Start of Data extracts

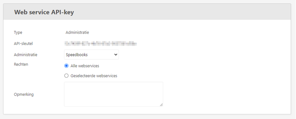 Het aanmaken van een “Access key” moet bij ieder administratie uitgevoerd worden om een verbinding te kunnen maken met die administratie.
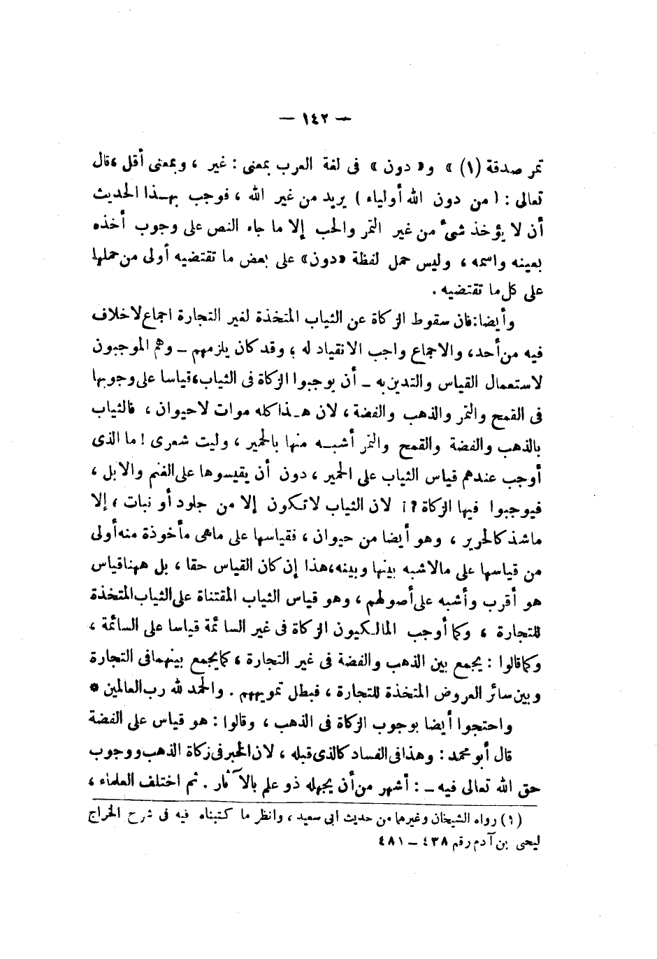 تمر صدقة ودون في لغة العرب بمعنى غير وبمعنى أقل قال تعالى {من ورآئهم جهنم ولا يغني عنهم ما كسبوا شيئا ولا ما تخذوا من دون لله أوليآء ولهم عذاب عظيم} يريد من غير الله فوجب بهذا الحديث أن لا يؤخذ شيء من غير التمر والحب إلا ما جاء النص على وجوب أخذه بعينه واسمه وليس حمل لفظه دون على بعض ما تقتضيه أولى من حملها على كل ما تقتضيه وأيضا فإن سقوط الزكاة عن الثياب المتخذة لغير التجارة إجماع لا خلاف فيه من أحد والإجماع الانقياد وكان يلزمهم وهو الموجبون لاستعمال القياس والتدين به أن يوجبوا الزكاة في الثياب قياسا على وجوبها في القمح والتمر والذهب والفضة لأن هذا كله موات لا حيوان فالثياب بالذهب والفضة والقمح والتمر أشبه منها بالحمير وليت شعري ما الذي أوجب عندهم قياس الثياب على الحمير دون أن يقيسوها على الغنم والإبل فيوجبوا فيها الزكاة لأن الثياب لا تكون إلا من جلود أو نبات إلا من شذ كالحرير وهو أيضا من حيوان فقياسها على ما هي مأخوذة منه أولى من قياسها على ما لا شبه بينها وبينه هذا إن كان القياس حقا بل ههنا قياس هو أقرب وأشبه على أصولهم وهو قياس المنتقاة على الثياب المتخذة للتجارة وكما أوجب المالكيون الزكاة في غير السائمة قياسا على السائمة وكما قالوا يجمع بين الذهب والفضة في غير التجارة كما يجمع بينهما في التجارة وبين سائر العروض المتخذة للتجارة فبطل تمويههم والحمد لله رب العالمين واحتجوا أيضا بوجوب الزكاة في الذهب وقالوا هو قياس على الفضة قال أبو محمد وهذا في
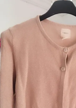 Rebeca de punto para niña con un toque dorado. - Cuello redondo. - Cierre de botones. - Manga larga.
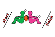 Sit back to back on the start line and carefully place the balloon between your backs. Use a wall if you're by yourself.
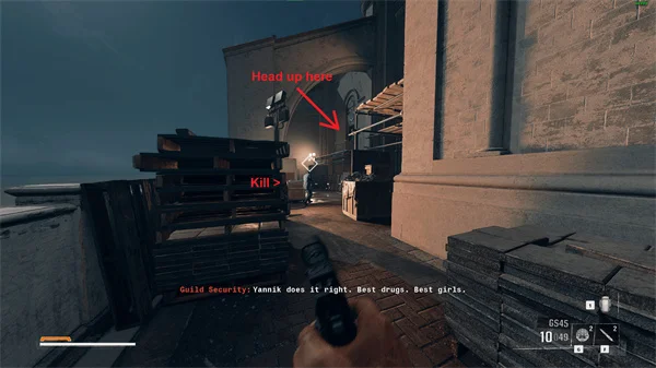 一旦你爬上去在游艇上狙击了扬尼克,就从钟楼跳到下面的水中。然后沿着我们去钟楼的同一条路线回到起点。
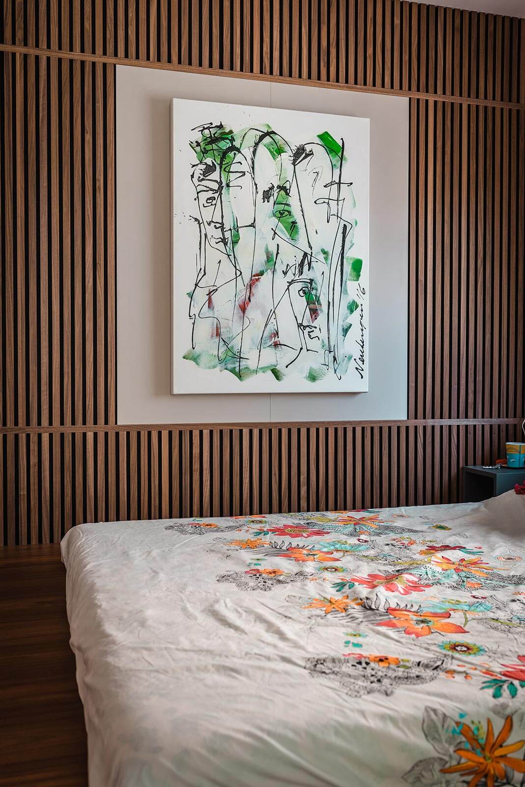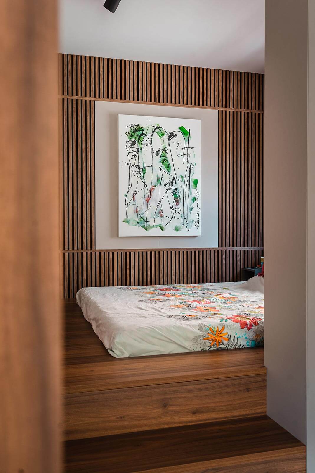 L’aménagement sur mesure ouvre des possibilités infinies. L’idée de cette chambre est le résultat de réflexion de notre architecte d’intérieur qui est allé au-delà de la réponse convenue. En rehaussant le sol, il réduit la hauteur de la pièce et crée une intimité nouvelle. Les murs habillés de bois tout en laissant la place à l’art combinent esthétique et sensation.
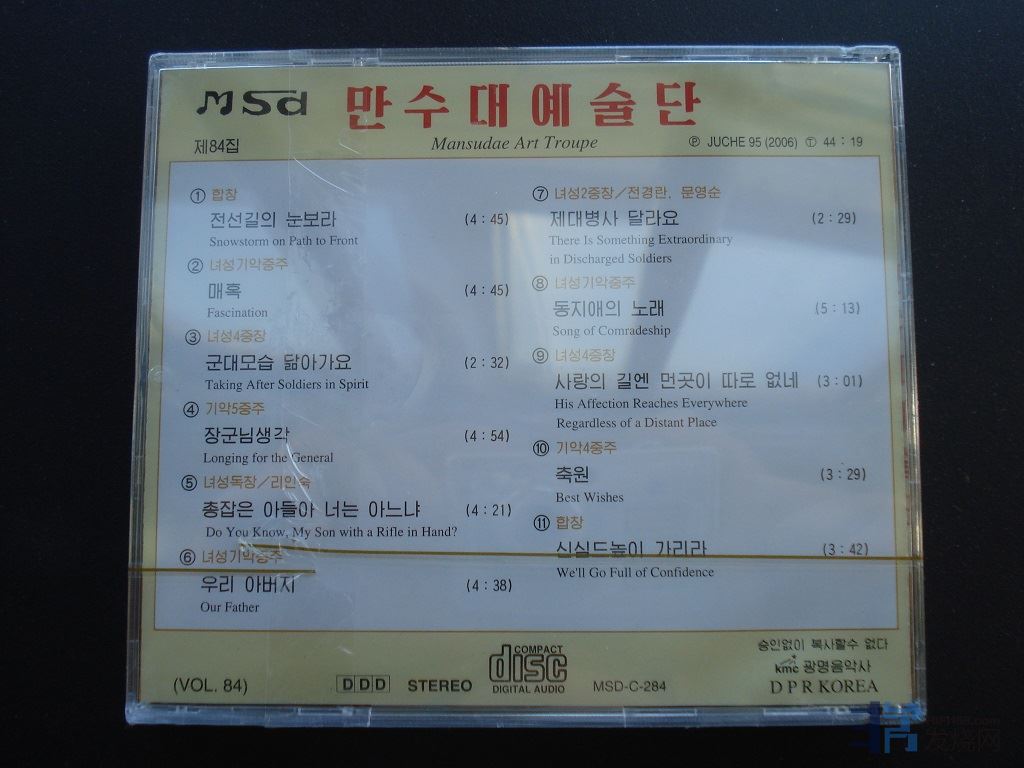 音乐收藏资料    朝鲜立体声高保真CD唱片,朝鲜国家光明音乐社出版的《万寿台艺术团第84集》朝鲜从1989年开始试产CD唱片,1991年开始小批量出版发行立体声高保真CD唱片。此原版未开封立体声高保真CD唱片产于2006年(主体95年),朝鲜国家用于对外宣传,现已绝版。
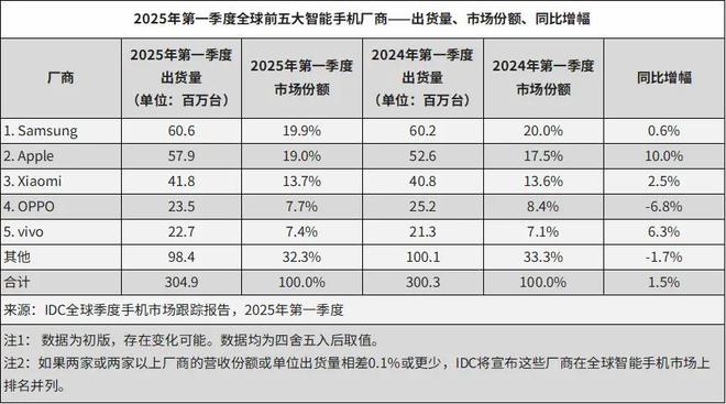 最近,2025 年第一季度智能手机的出货量、销量排名陆续放榜。
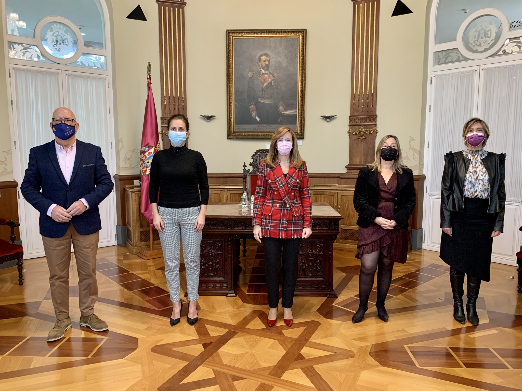 La consejera Cristina Sánchez junto a la alcaldesa Ana Belén Castejón, el concejal de Turismo, Manuel Padín (1i), la directora general de Competitividad y Calidad Turísticas, Esther Tenza (2d), y la concejal delegada de Turismo, Cristina Pérez (1d), tras la firma de adhesión de Cartagena al Sicted
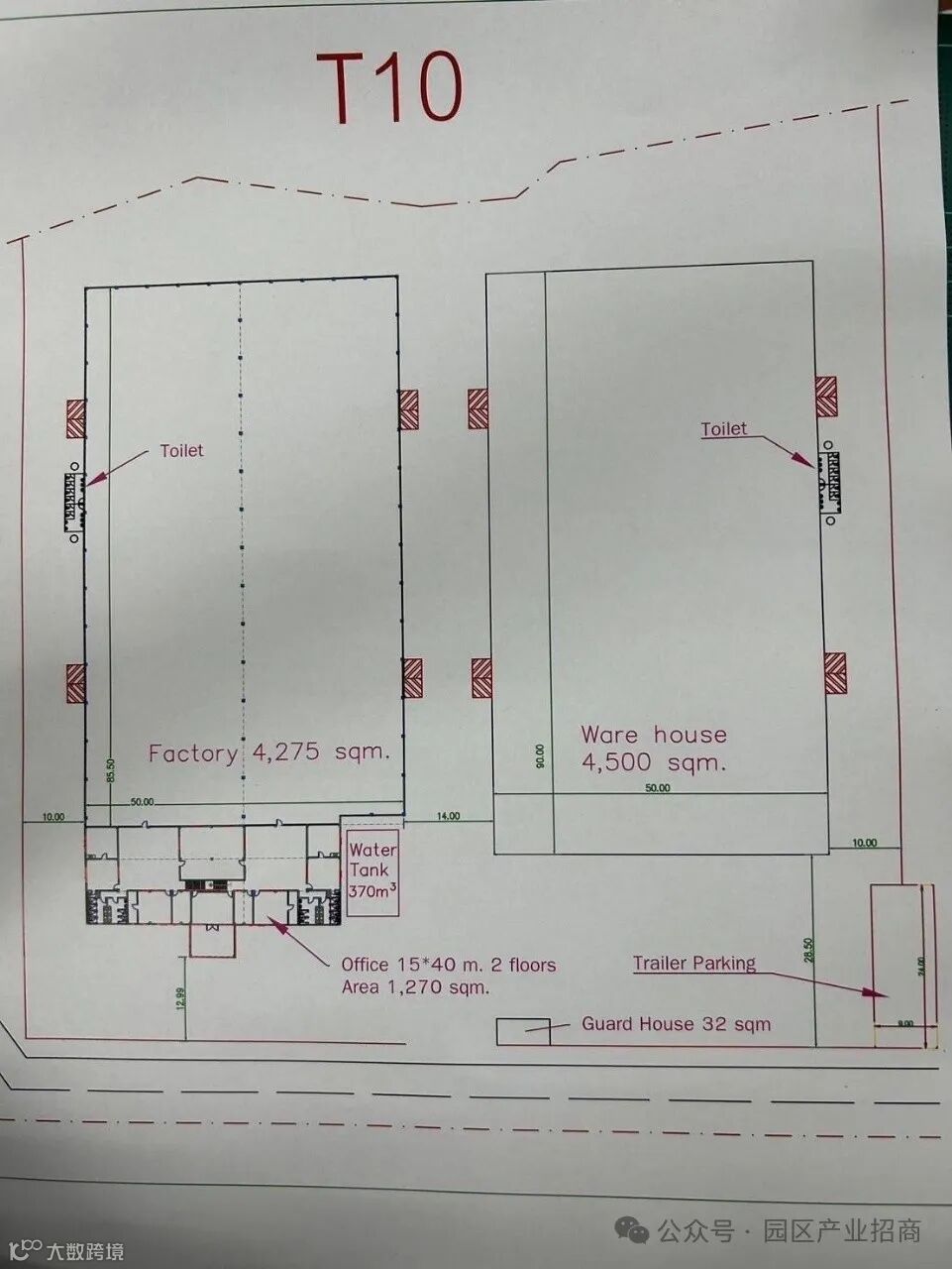 第一座厂房面积:4,275平米(宽50米,长85.5米,高14米)
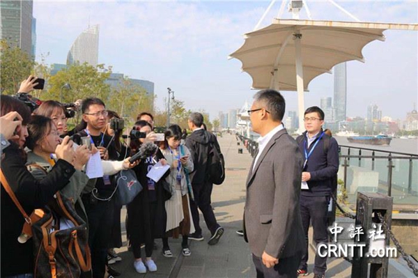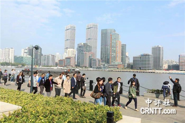 兩岸新媒體大陸行上海聯(lián)合采訪來到位于上海浦東的東岸濱江公共空間。(圖片來源:中評社)
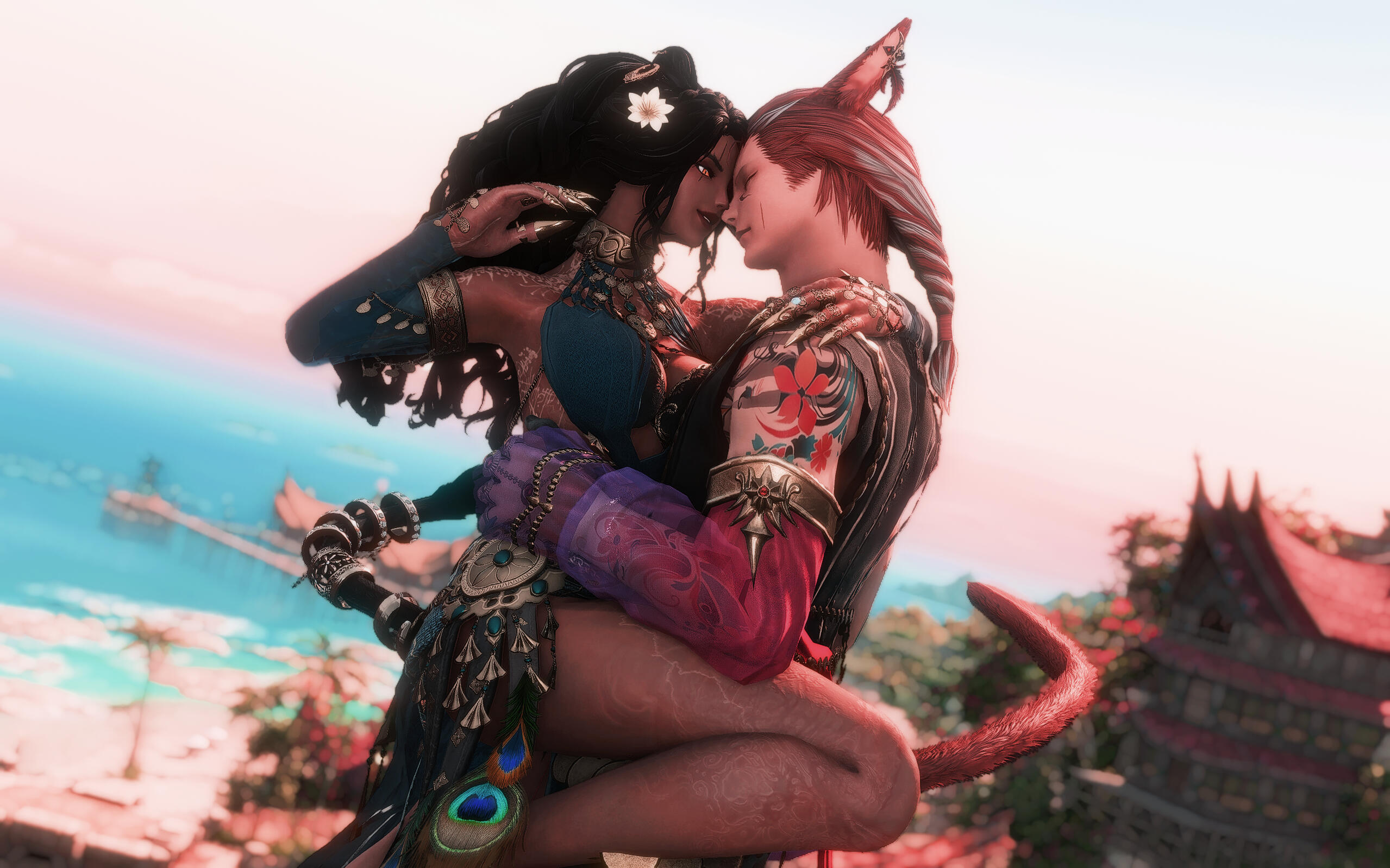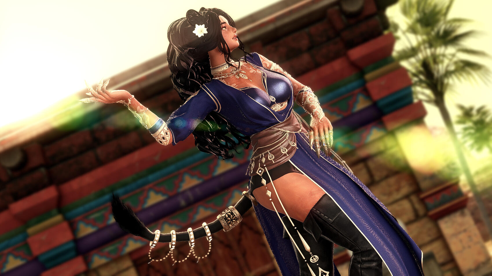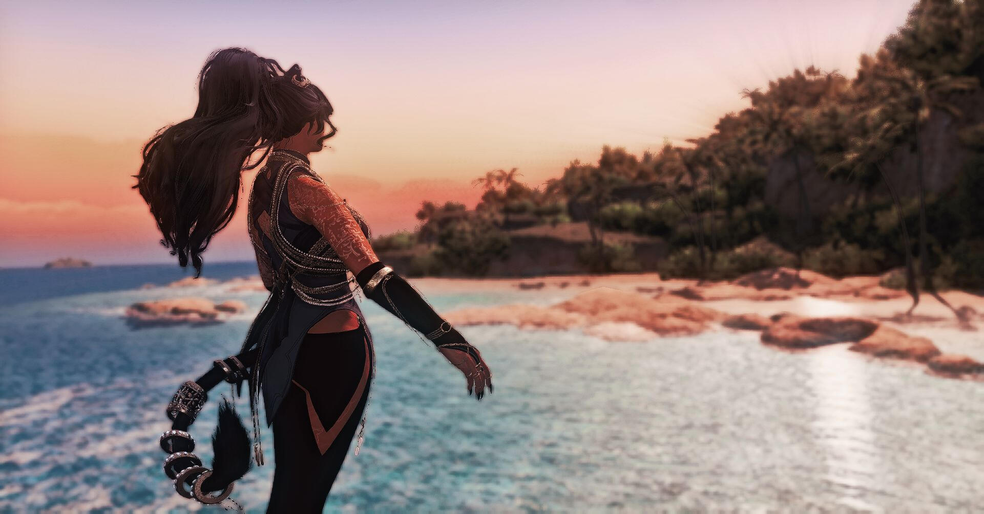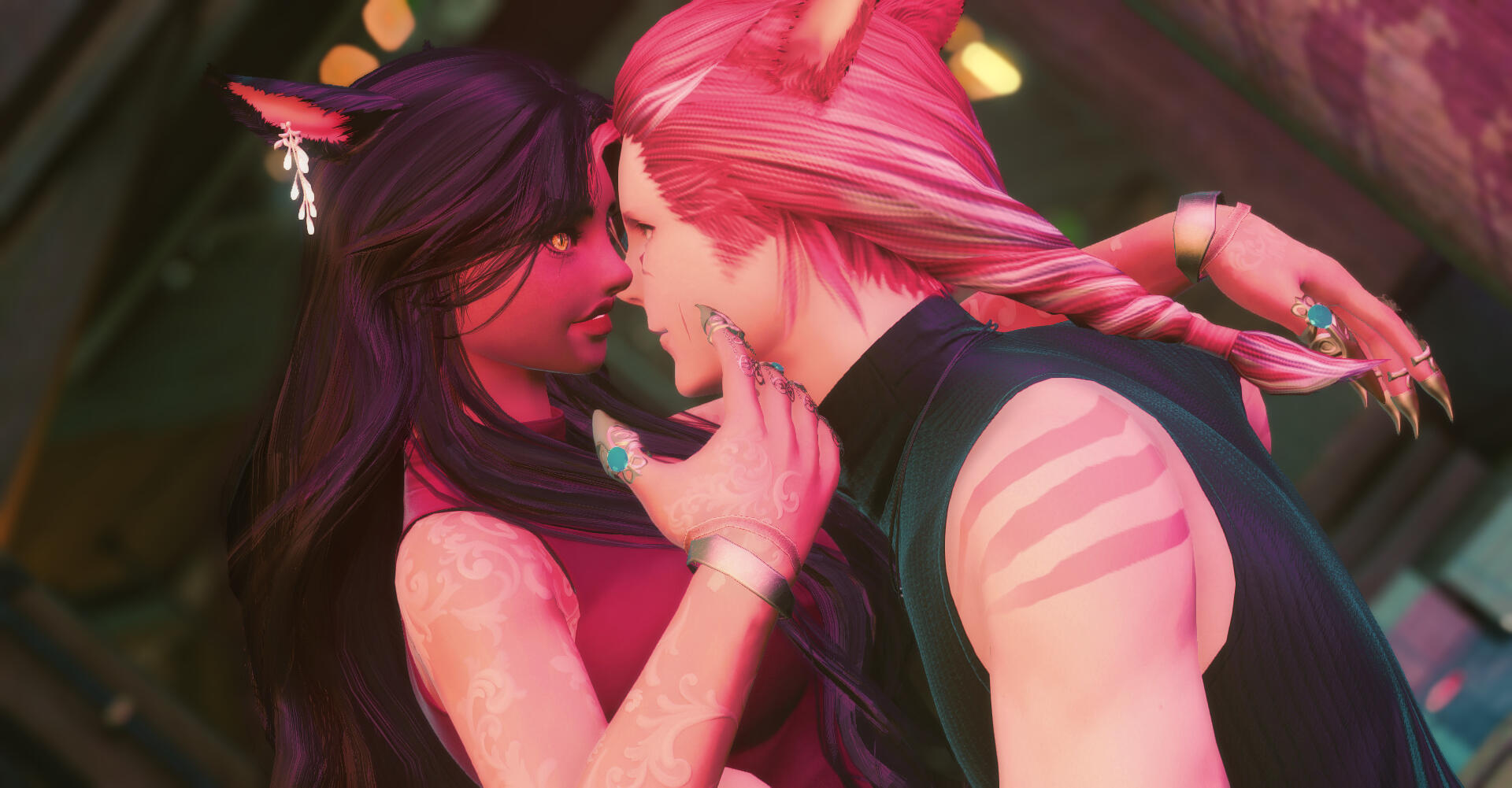Nailah carries herself with noticeable confidence most days, despite the scars she bears. Most noticeably, there is a scar from the top of her right brow till under her eye from a bladed edge. When her back is exposed, there is a notable electrical burn scar along her lower back, and burn scars along her shoulders (which are mostly covered by her new tattoos). Her hands are weathered and worn, calloused and slightly burned from training.Recently, Nailah had aether-ink tattoos added to her skin. Spanning her arms, across her collarbones, and down her back, these are based on Arcanima's principles and intended to assist with aetherflow.Beyond that, Nailah loves her jewelry. Earrings, necklaces, bracelets, and rings for her fingers, ankles, and even her tail. When she is not working, it is very easily to identify her arrival based upon the jingling of all her jewelry.

End of Data extracts

Print all the records exactly, minus any images.

 Het aanmaken van een “Access key” moet bij ieder administratie uitgevoerd worden om een verbinding te kunnen maken met die administratie.
 تمر صدقة ودون في لغة العرب بمعنى غير وبمعنى أقل قال تعالى {من ورآئهم جهنم ولا يغني عنهم ما كسبوا شيئا ولا ما تخذوا من دون لله أوليآء ولهم عذاب عظيم} يريد من غير الله فوجب بهذا الحديث أن لا يؤخذ شيء من غير التمر والحب إلا ما جاء النص على وجوب أخذه بعينه واسمه وليس حمل لفظه دون على بعض ما تقتضيه أولى من حملها على كل ما تقتضيه وأيضا فإن سقوط الزكاة عن الثياب المتخذة لغير التجارة إجماع لا خلاف فيه من أحد والإجماع الانقياد وكان يلزمهم وهو الموجبون لاستعمال القياس والتدين به أن يوجبوا الزكاة في الثياب قياسا على وجوبها في القمح والتمر والذهب والفضة لأن هذا كله موات لا حيوان فالثياب بالذهب والفضة والقمح والتمر أشبه منها بالحمير وليت شعري ما الذي أوجب عندهم قياس الثياب على الحمير دون أن يقيسوها على الغنم والإبل فيوجبوا فيها الزكاة لأن الثياب لا تكون إلا من جلود أو نبات إلا من شذ كالحرير وهو أيضا من حيوان فقياسها على ما هي مأخوذة منه أولى من قياسها على ما لا شبه بينها وبينه هذا إن كان القياس حقا بل ههنا قياس هو أقرب وأشبه على أصولهم وهو قياس المنتقاة على الثياب المتخذة للتجارة وكما أوجب المالكيون الزكاة في غير السائمة قياسا على السائمة وكما قالوا يجمع بين الذهب والفضة في غير التجارة كما يجمع بينهما في التجارة وبين سائر العروض المتخذة للتجارة فبطل تمويههم والحمد لله رب العالمين واحتجوا أيضا بوجوب الزكاة في الذهب وقالوا هو قياس على الفضة قال أبو محمد وهذا في
 Rebeca de punto para niña con un toque dorado. - Cuello redondo. - Cierre de botones. - Manga larga.
 Sit back to back on the start line and carefully place the balloon between your backs. Use a wall if you're by yourself.
 一旦你爬上去在游艇上狙击了扬尼克,就从钟楼跳到下面的水中。然后沿着我们去钟楼的同一条路线回到起点。
 L’aménagement sur mesure ouvre des possibilités infinies. L’idée de cette chambre est le résultat de réflexion de notre architecte d’intérieur qui est allé au-delà de la réponse convenue. En rehaussant le sol, il réduit la hauteur de la pièce et crée une intimité nouvelle. Les murs habillés de bois tout en laissant la place à l’art combinent esthétique et sensation.
 音乐收藏资料    朝鲜立体声高保真CD唱片,朝鲜国家光明音乐社出版的《万寿台艺术团第84集》朝鲜从1989年开始试产CD唱片,1991年开始小批量出版发行立体声高保真CD唱片。此原版未开封立体声高保真CD唱片产于2006年(主体95年),朝鲜国家用于对外宣传,现已绝版。
 最近,2025 年第一季度智能手机的出货量、销量排名陆续放榜。
 La consejera Cristina Sánchez junto a la alcaldesa Ana Belén Castejón, el concejal de Turismo, Manuel Padín (1i), la directora general de Competitividad y Calidad Turísticas, Esther Tenza (2d), y la concejal delegada de Turismo, Cristina Pérez (1d), tras la firma de adhesión de Cartagena al Sicted
 第一座厂房面积:4,275平米(宽50米,长85.5米,高14米)
 兩岸新媒體大陸行上海聯(lián)合采訪來到位于上海浦東的東岸濱江公共空間。(圖片來源:中評社)
Nailah carries herself with noticeable confidence most days, despite the scars she bears. Most noticeably, there is a scar from the top of her right brow till under her eye from a bladed edge. When her back is exposed, there is a notable electrical burn scar along her lower back, and burn scars along her shoulders (which are mostly covered by her new tattoos). Her hands are weathered and worn, calloused and slightly burned from training.Recently, Nailah had aether-ink tattoos added to her skin. Spanning her arms, across her collarbones, and down her back, these are based on Arcanima's principles and intended to assist with aetherflow.Beyond that, Nailah loves her jewelry. Earrings, necklaces, bracelets, and rings for her fingers, ankles, and even her tail. When she is not working, it is very easily to identify her arrival based upon the jingling of all her jewelry.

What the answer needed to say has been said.